* **Recorded data**:
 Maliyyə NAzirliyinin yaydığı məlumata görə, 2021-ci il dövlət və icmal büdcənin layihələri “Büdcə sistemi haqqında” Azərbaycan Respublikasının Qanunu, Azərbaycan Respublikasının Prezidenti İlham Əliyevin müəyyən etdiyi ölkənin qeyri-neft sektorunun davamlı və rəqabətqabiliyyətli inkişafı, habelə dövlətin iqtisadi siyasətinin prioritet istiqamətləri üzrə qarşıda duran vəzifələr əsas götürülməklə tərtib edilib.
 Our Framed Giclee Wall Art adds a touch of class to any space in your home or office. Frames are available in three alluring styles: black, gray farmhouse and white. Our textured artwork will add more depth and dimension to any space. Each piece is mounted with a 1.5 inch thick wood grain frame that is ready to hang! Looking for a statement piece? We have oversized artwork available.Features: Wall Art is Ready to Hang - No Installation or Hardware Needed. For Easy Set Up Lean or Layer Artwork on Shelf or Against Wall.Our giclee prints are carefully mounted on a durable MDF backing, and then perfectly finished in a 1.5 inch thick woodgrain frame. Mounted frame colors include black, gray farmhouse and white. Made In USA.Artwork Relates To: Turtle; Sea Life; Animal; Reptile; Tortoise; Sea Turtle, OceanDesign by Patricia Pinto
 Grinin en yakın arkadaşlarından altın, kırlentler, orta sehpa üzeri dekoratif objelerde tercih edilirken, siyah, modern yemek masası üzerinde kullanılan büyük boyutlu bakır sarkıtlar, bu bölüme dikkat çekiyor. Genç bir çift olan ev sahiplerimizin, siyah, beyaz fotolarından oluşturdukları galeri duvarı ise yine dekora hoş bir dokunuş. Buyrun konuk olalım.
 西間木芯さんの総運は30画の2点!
==
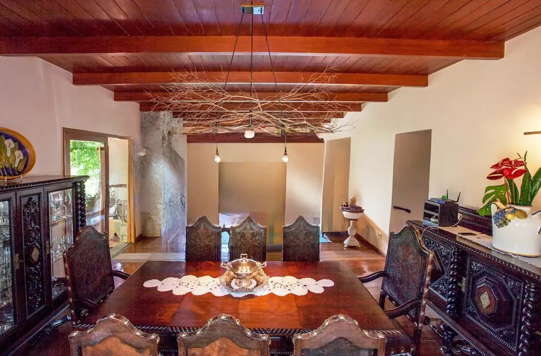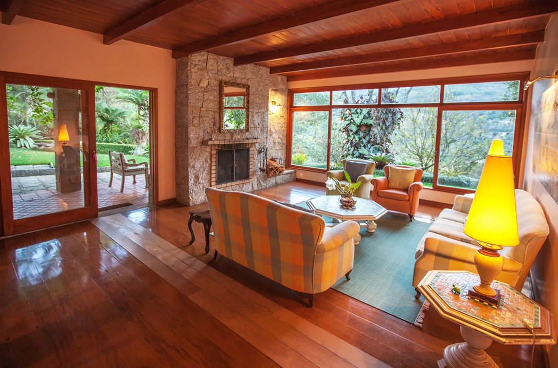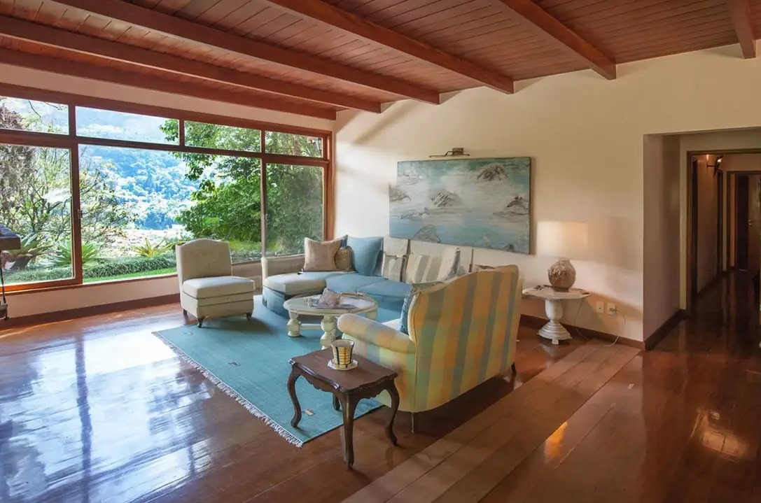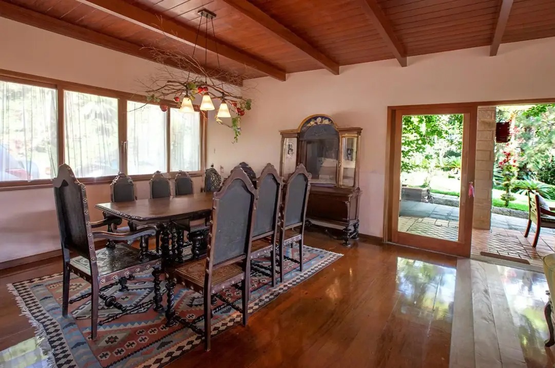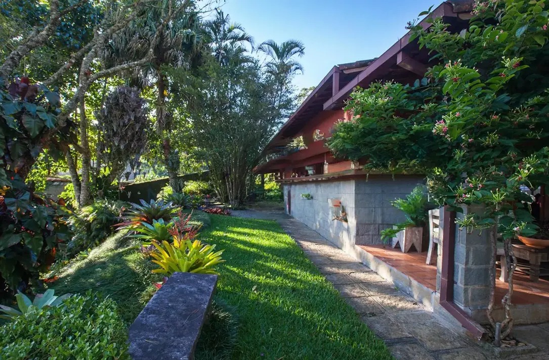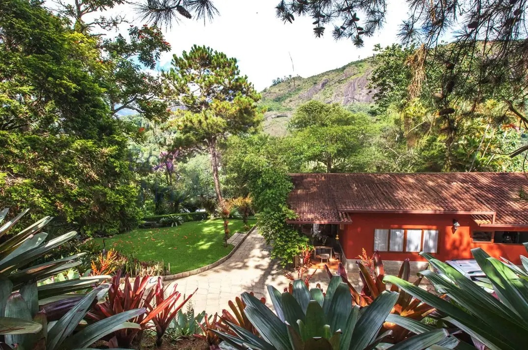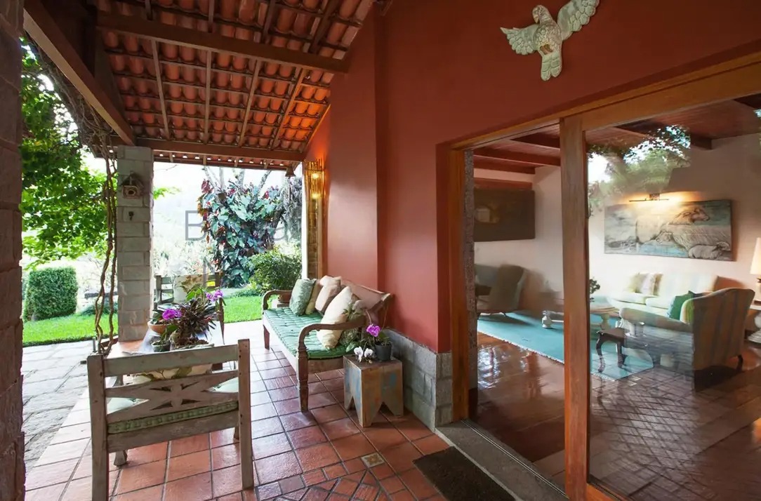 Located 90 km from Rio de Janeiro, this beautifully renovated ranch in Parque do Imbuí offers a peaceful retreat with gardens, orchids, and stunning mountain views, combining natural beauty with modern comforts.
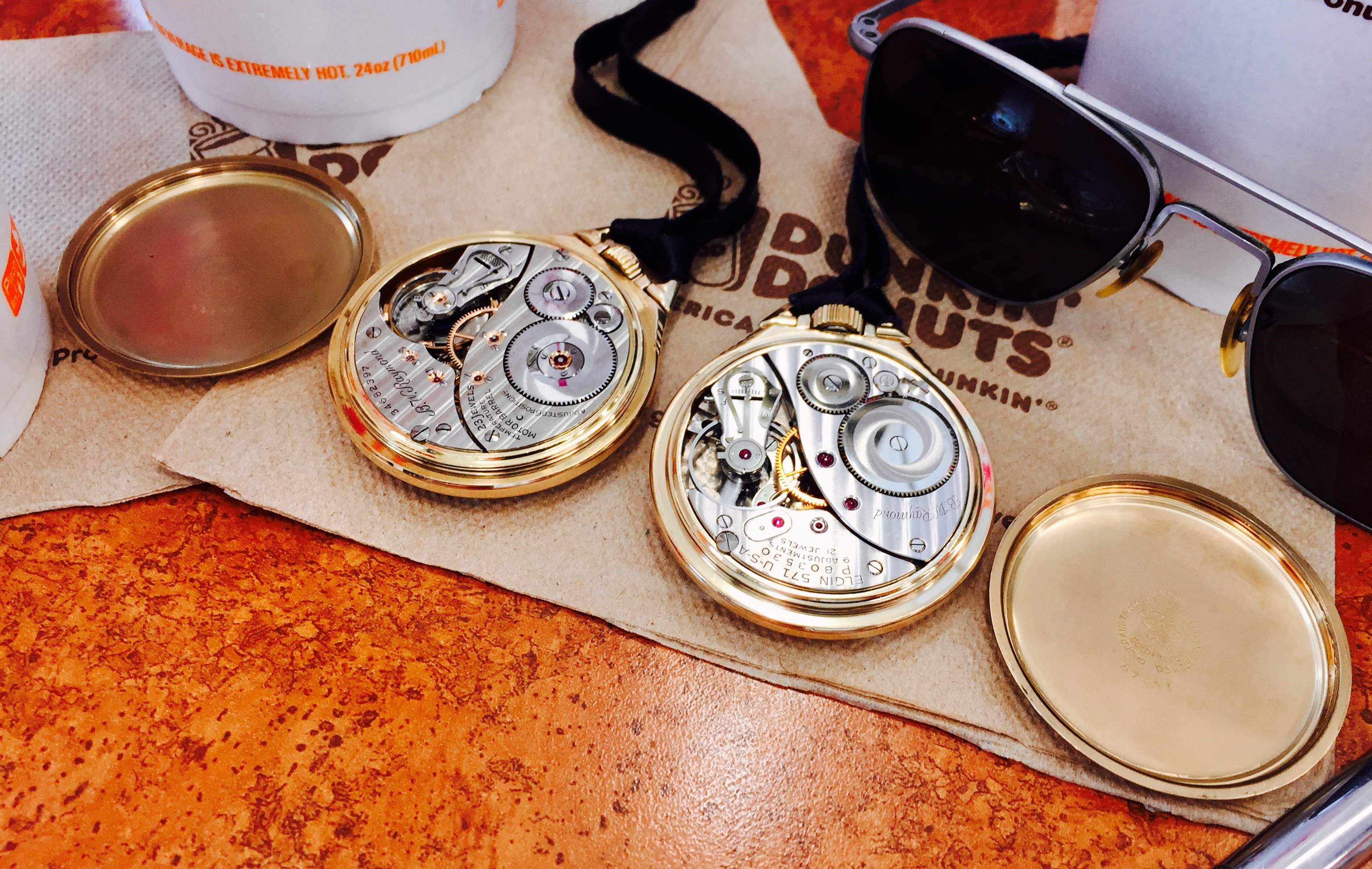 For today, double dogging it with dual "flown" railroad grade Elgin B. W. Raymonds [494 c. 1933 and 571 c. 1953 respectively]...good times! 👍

* **Task description**: Give again, exactly as written above, every line from the one holding "Located 90 km" to the one holding "For today, double", with both ends kept and the pictures left out.

* **Expected output**:
 Located 90 km from Rio de Janeiro, this beautifully renovated ranch in Parque do Imbuí offers a peaceful retreat with gardens, orchids, and stunning mountain views, combining natural beauty with modern comforts.
 For today, double dogging it with dual "flown" railroad grade Elgin B. W. Raymonds [494 c. 1933 and 571 c. 1953 respectively]...good times! 👍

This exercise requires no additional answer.